I'd like to be able to picture myself standing on the surface of a smooth hill, standing over a spot where someone took a bright neon marker and traced out a level-curve on that hill, and picture the hill in such a way that the direction in which the hill is steepest is OBVIOUSLY perpendicular to that hill. And as of now, I just can't! It seems just as plausible that some OTHER direction not perpendicular to that bright yellow level-curve could be the steepest direction instead!


Solution 1:

I don't know how helpful this will be, it's just the way I sometimes like to picture it.

Since your hill is smooth, it's locally just a plane (more precisely, there exists a tangent plane which is an approximation that is at least quadratically good).

Now take this plane and cut out a small disk where you're standing (it will in general be slanted). Draw its horizontal diameter, which is (a piece of) a level set. If you grab the disk at the points where this diameter intersects the boundary and look at it head-on, being careful to only rotate it about the vertical axis, you may be able to convince yourself that indeed the only possibility is going perpendicular to the diameter.
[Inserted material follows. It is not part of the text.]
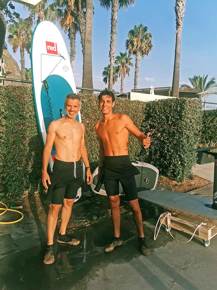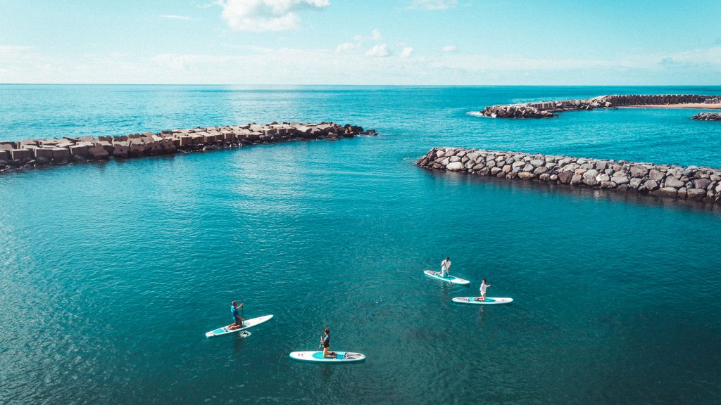 We’re home based in Calheta Beach, with an artificial bay that protects you from the waves.

This is rather vague, I hope it's not completely useless.

Solution 2:

An old question, but a good one, so ...

As you have described, imagine yourself standing on a contour line of the hill (a curve where height is constant). You want to go uphill as quickly as possible.

Imagine another contour line at a height that’s a tiny bit higher than the one you’re currently on. If “tiny” is small enough, the two contour lines will be almost parallel in the small region around your feet.
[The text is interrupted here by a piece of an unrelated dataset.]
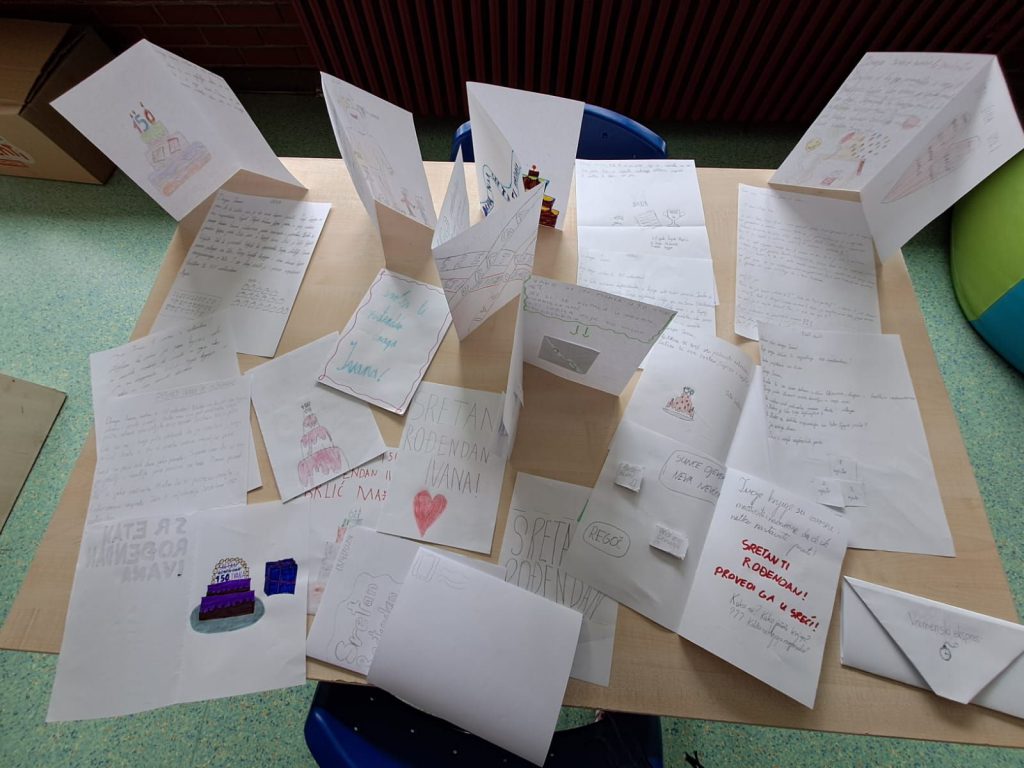 Povodom rođendana Ivane Brlić Mažuranić 18. travnja 2024. učenici naše škole izradili su čestitke i pisma Ivani. Učenici nižih razreda izrađivali su rođendanske čestitke ili pisali kratka pisma Ivani u koja su uključili motive i poruke vezane za njezin rođendan i njezina djela. Kreativnost učenika stvorila je nevjerojatna pisma i čestitke.

To go uphill as quickly as possible, you need to follow the shortest path from your current point to the higher contour. That shortest path between the two contour lines is in a direction that’s perpendicular to both of them.

Simple examples of a hill are a hemisphere or a cone with vertical axis. In both cases the two contour lines are circles, so the shortest path between them is pretty obvious.